THE INPUT below:

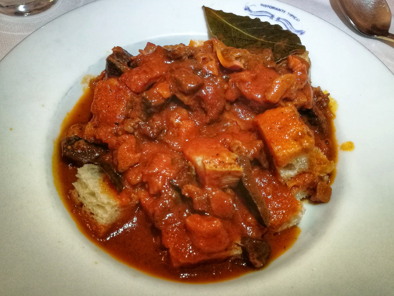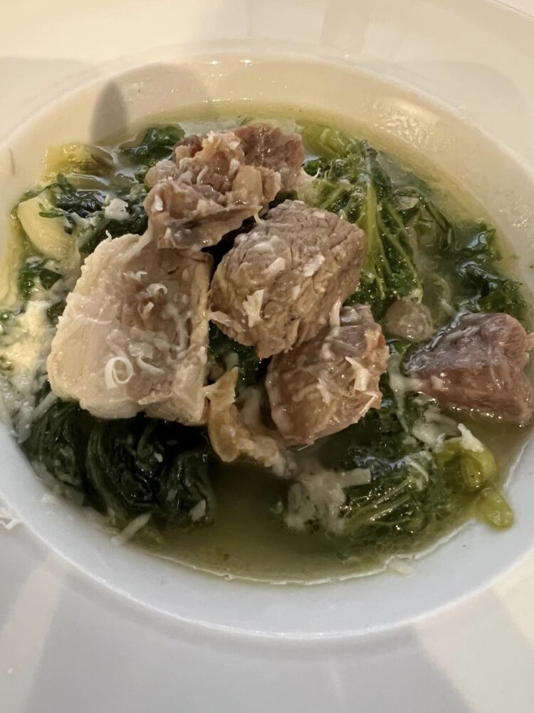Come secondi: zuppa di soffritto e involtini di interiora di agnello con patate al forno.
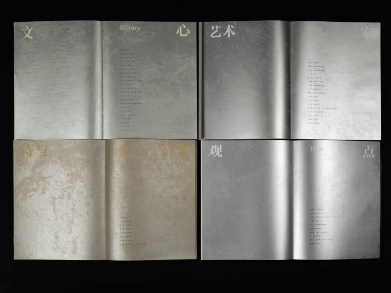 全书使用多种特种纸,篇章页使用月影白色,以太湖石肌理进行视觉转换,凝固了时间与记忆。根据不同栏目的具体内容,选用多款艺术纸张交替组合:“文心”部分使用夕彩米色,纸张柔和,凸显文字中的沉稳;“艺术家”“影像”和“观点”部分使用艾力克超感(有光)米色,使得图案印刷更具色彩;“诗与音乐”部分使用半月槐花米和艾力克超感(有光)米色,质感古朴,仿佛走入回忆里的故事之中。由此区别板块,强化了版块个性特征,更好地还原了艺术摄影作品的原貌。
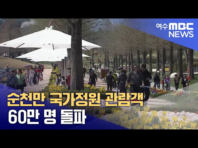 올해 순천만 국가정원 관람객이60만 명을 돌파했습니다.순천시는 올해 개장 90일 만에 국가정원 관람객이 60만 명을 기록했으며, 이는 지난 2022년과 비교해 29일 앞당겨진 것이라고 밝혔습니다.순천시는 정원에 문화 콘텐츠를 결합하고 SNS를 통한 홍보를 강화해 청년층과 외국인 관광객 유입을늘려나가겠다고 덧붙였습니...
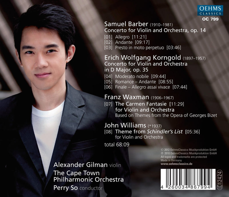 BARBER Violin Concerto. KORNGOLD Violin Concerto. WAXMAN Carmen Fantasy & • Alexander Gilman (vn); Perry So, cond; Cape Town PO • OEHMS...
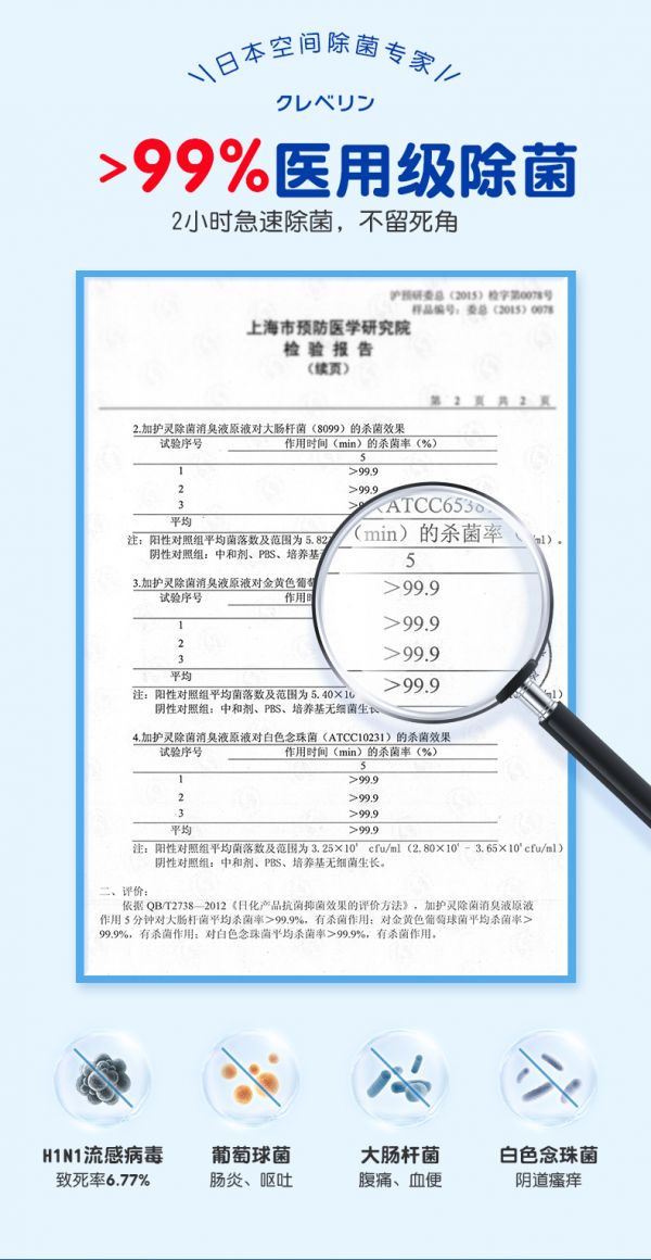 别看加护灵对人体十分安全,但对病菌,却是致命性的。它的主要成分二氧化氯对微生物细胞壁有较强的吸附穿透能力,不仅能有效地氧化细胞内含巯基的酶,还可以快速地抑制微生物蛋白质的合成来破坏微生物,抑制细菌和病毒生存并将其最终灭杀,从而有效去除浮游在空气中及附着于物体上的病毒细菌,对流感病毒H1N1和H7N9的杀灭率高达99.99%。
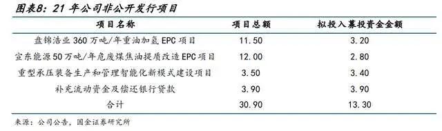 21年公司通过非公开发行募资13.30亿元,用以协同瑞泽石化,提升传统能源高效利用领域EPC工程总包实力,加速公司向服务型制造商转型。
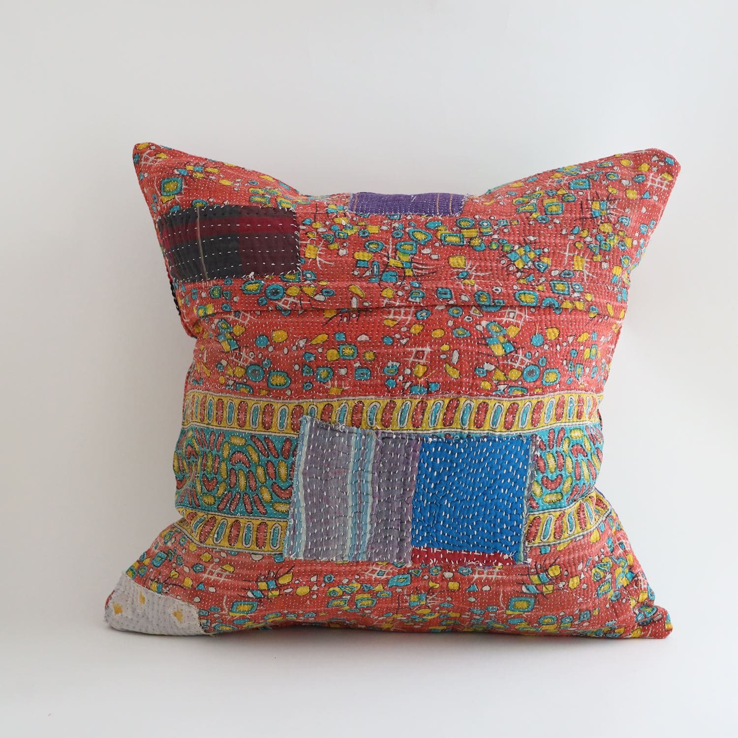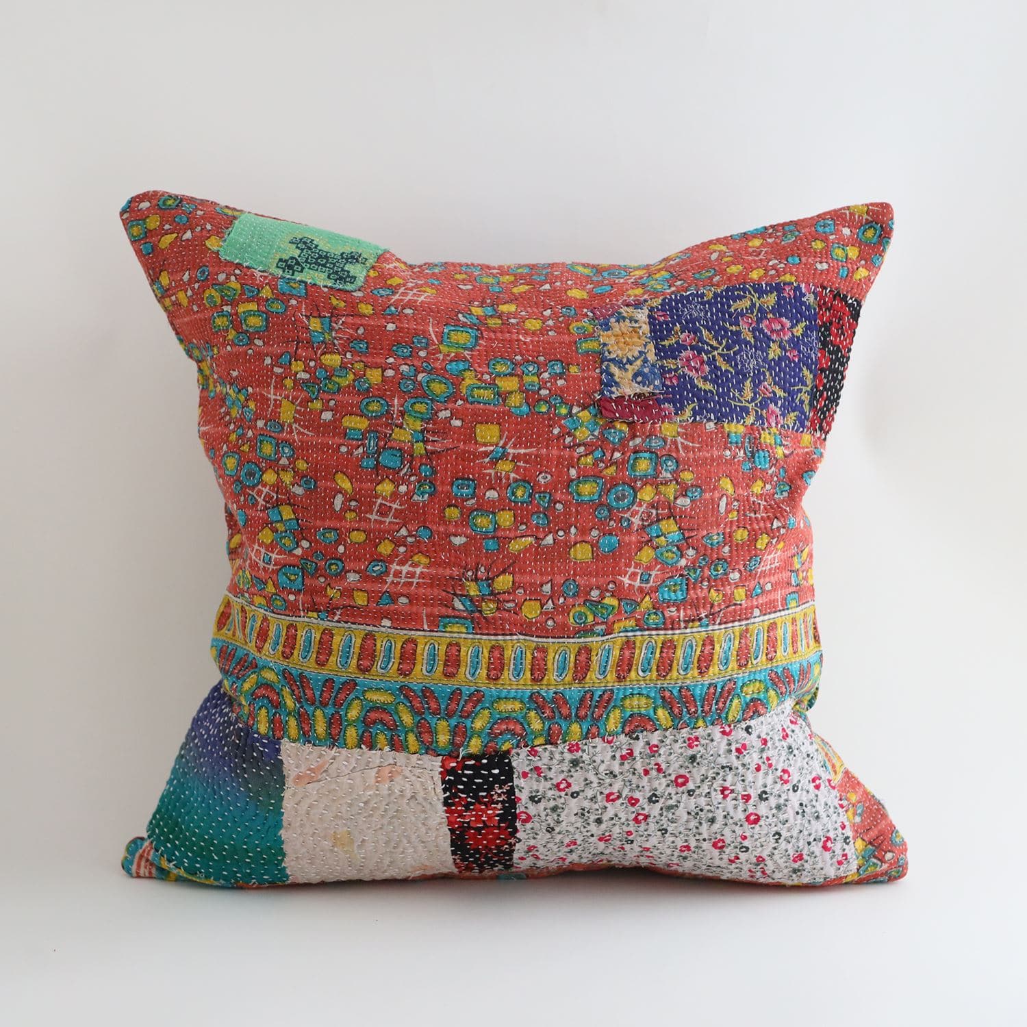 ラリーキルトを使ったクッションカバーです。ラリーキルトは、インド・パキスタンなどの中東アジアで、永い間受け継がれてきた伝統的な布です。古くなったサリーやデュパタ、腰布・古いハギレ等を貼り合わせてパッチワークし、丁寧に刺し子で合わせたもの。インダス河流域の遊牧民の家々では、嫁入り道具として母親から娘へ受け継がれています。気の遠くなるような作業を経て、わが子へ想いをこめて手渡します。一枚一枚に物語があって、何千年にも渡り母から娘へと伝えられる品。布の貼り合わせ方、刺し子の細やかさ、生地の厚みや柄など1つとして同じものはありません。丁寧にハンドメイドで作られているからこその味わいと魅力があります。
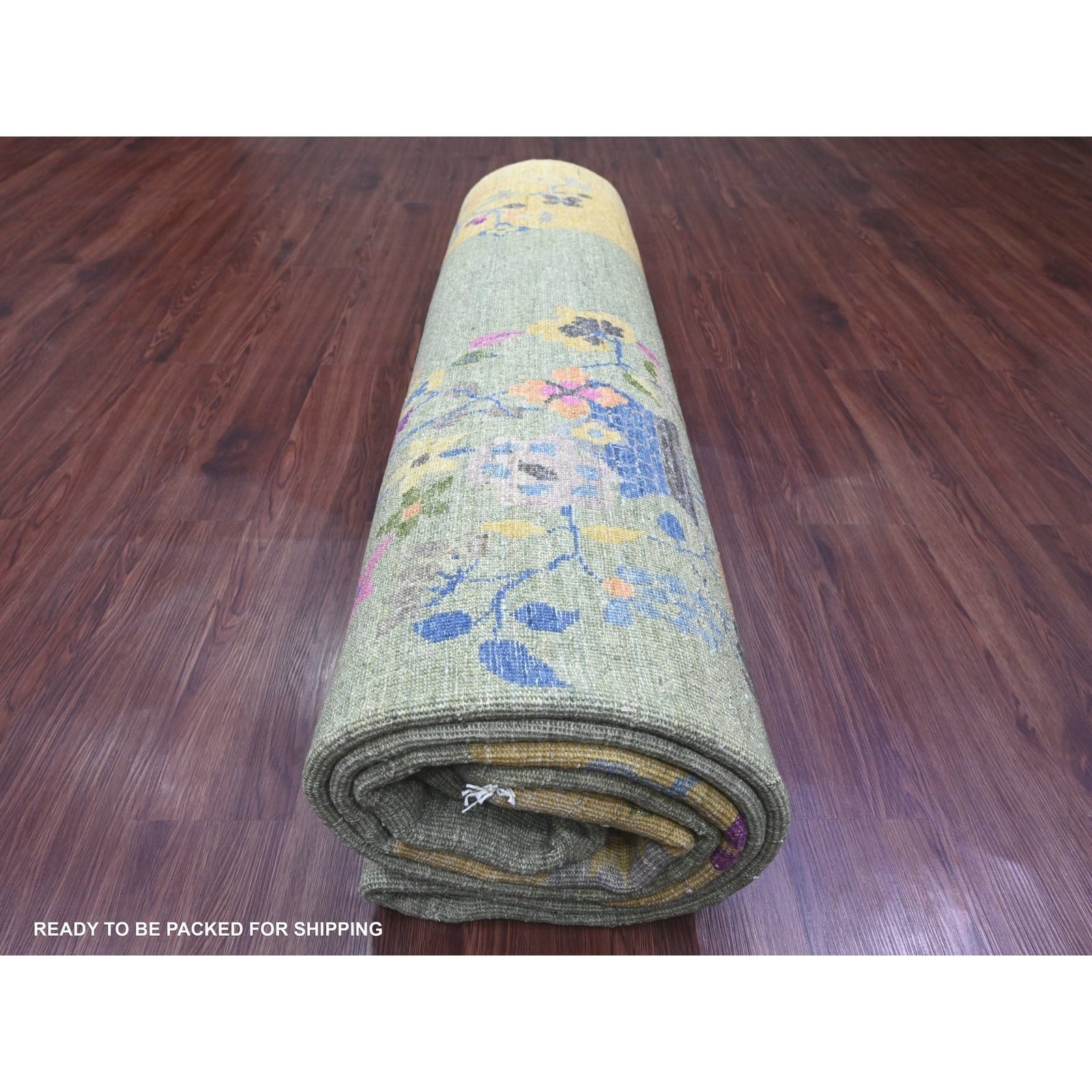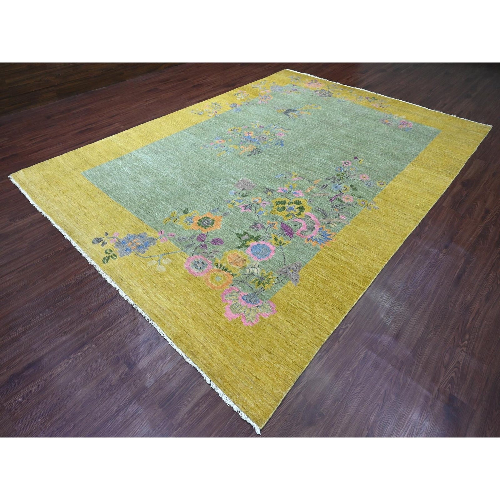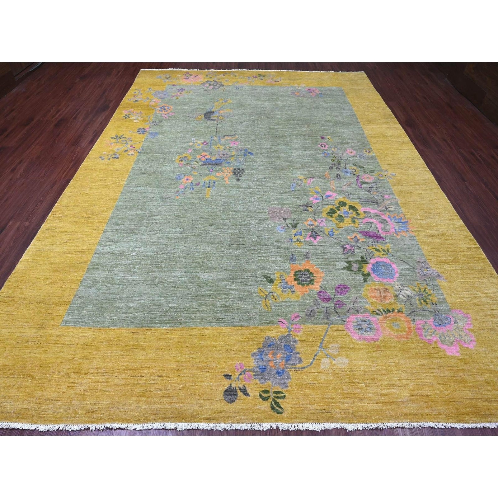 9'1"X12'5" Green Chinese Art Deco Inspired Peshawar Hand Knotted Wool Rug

End of THE INPUT.

TASK REQUIREMENTS :: The required output is a verbatim repetition of the lines from the opening of the entries above through the line containing "ラリーキルトを使ったクッショ", inclusive, with no pictures and nothing else.

ANSWER BOX ::
Come secondi: zuppa di soffritto e involtini di interiora di agnello con patate al forno.
 全书使用多种特种纸,篇章页使用月影白色,以太湖石肌理进行视觉转换,凝固了时间与记忆。根据不同栏目的具体内容,选用多款艺术纸张交替组合:“文心”部分使用夕彩米色,纸张柔和,凸显文字中的沉稳;“艺术家”“影像”和“观点”部分使用艾力克超感(有光)米色,使得图案印刷更具色彩;“诗与音乐”部分使用半月槐花米和艾力克超感(有光)米色,质感古朴,仿佛走入回忆里的故事之中。由此区别板块,强化了版块个性特征,更好地还原了艺术摄影作品的原貌。
 올해 순천만 국가정원 관람객이60만 명을 돌파했습니다.순천시는 올해 개장 90일 만에 국가정원 관람객이 60만 명을 기록했으며, 이는 지난 2022년과 비교해 29일 앞당겨진 것이라고 밝혔습니다.순천시는 정원에 문화 콘텐츠를 결합하고 SNS를 통한 홍보를 강화해 청년층과 외국인 관광객 유입을늘려나가겠다고 덧붙였습니...
 BARBER Violin Concerto. KORNGOLD Violin Concerto. WAXMAN Carmen Fantasy & • Alexander Gilman (vn); Perry So, cond; Cape Town PO • OEHMS...
 别看加护灵对人体十分安全,但对病菌,却是致命性的。它的主要成分二氧化氯对微生物细胞壁有较强的吸附穿透能力,不仅能有效地氧化细胞内含巯基的酶,还可以快速地抑制微生物蛋白质的合成来破坏微生物,抑制细菌和病毒生存并将其最终灭杀,从而有效去除浮游在空气中及附着于物体上的病毒细菌,对流感病毒H1N1和H7N9的杀灭率高达99.99%。
 21年公司通过非公开发行募资13.30亿元,用以协同瑞泽石化,提升传统能源高效利用领域EPC工程总包实力,加速公司向服务型制造商转型。
 ラリーキルトを使ったクッションカバーです。ラリーキルトは、インド・パキスタンなどの中東アジアで、永い間受け継がれてきた伝統的な布です。古くなったサリーやデュパタ、腰布・古いハギレ等を貼り合わせてパッチワークし、丁寧に刺し子で合わせたもの。インダス河流域の遊牧民の家々では、嫁入り道具として母親から娘へ受け継がれています。気の遠くなるような作業を経て、わが子へ想いをこめて手渡します。一枚一枚に物語があって、何千年にも渡り母から娘へと伝えられる品。布の貼り合わせ方、刺し子の細やかさ、生地の厚みや柄など1つとして同じものはありません。丁寧にハンドメイドで作られているからこその味わいと魅力があります。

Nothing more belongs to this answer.